The KNC method is based on two judgment scores, wherein the first judgment score is a main judgment condition, the second judgment score is a secondary judgment condition, each time, an uncovered node which meets the highest judgment score and the highest judgment score is selected as a seed node, and after each round of node selection, the direct neighbor node is covered to dispersedly select the nodes, so that the propagation influence is maximized. The invention mainly describes a KVOTERank method which is a sub-method of the KNC method.

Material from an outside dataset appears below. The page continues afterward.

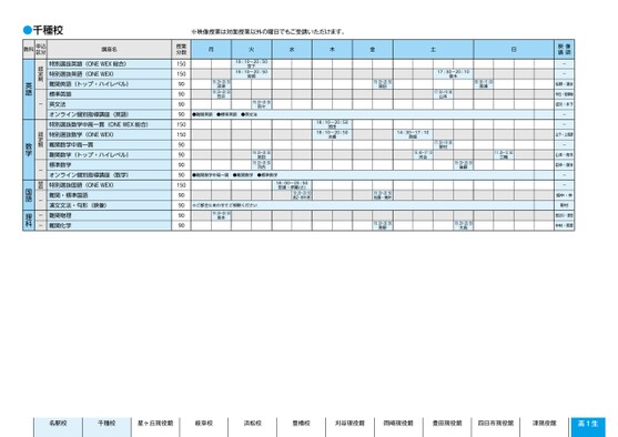映像講師--佐野・清水市位・胡摩﨑成川・木下--山下・上高原-山本・府木田中・塚本--畑中・仲野村長谷川・原田中村・若原※映像授業は対面授業以外の曜日でもご受講いただけます。月火水木金土日18:10〜20:5018:10〜20:50宮下岩崎19:20〜20:0百々19:20〜20:50深津19:20〜20:50笠井●難関英語●標準英語●英文法18:10〜20:5018:10〜20:50宮田水嶋19:20〜20:0宮田19:20〜20:0河合●標準数学●難関数学中高一貫●難関数学18:00〜20:50安達・伊藤(さ)19:0〜20:50渡辺・鈴木(孝)※ご都合にあわせてご視聴ください19:20〜20:50坂本19:0〜20:0塚田17:30〜20:10登木17:30〜19:00山本09:30〜11:0長瀬14:30〜17:10西畑15:40〜17:10河合17:30〜19:00野村11:0〜12:0三輪19:20〜20:50後藤19:0〜20:0佐藤・横井19:0〜20:0青野19:20〜20:50大髙授業分数150150909090901501509090909015090909090特別選抜英語(ONEWEX総合)特別選抜英語(ONEWEX)難関英語(トップ・ハイレベル)標準英語英文法オンライン個別指導講座(英語)特別選抜数学中高一貫(ONEWEX総合)特別選抜数学(ONEWEX)難関数学中高一貫難関数学(トップ・ハイレベル)標準数学オンライン個別指導講座(数学)特別選抜国語(ONEWEX)難関・標準国語漢文文法・句形(映像)難関物理難関化学認定制-認定制-認定制---英語数学国語理科●千種校教科申込区分講座名名駅校千種校星ヶ丘現役館岐阜校浜松校豊橋校刈谷現役館岡崎現役館豊田現役館四日市現役館津現役館高1生

VoteRank centrality does not consider local information of nodes, differences of neighbor nodes, and position information of the nodes. Inspired by the core coverage algorithm (Core Cover Algorithm, CCA), the proposed kvaterank algorithm considers the most popular (i.e. the most volterank-valued) nodes located at the network core location to have a greater propagation impact. Nodes located in the core of the network have a greater impact even though the VoteRank value is smaller. The kvaterank algorithm procedure is presented herein. The KVOTERank algorithm execution process is divided into 4 stages:

stage 1: and calculating the k-shell value of each node according to a k-shell decomposition method, and arranging the k-shell values in descending order.

Stage 2: and calculating the voting score of each node according to the VoteRank algorithm for the same k-shell value, and arranging the voting scores in descending order.

Stage 3: and selecting the node with the highest VoteRank value, and covering the node and the neighbor nodes thereof. If there are multiple nodes with the same VoteRank value in the same shell, one node is randomly selected.

Stage 4: and (3) repeating the step (3) until the number of the selected nodes meets the set number requirement.

The algorithm can solve the problem that the k-shell decomposition method cannot distinguish the influence of the same shell node, and the nodes of the same shell are distinguished according to the voting scores of the nodes. In order to avoid overlapping of the impact ranges, the seed node is selected in a decentralized manner in stage 3 of the proposed algorithm, i.e. after each selection of the seed node, the node and its immediate neighbors are covered. The kvaterank algorithm description is shown in algorithm 1.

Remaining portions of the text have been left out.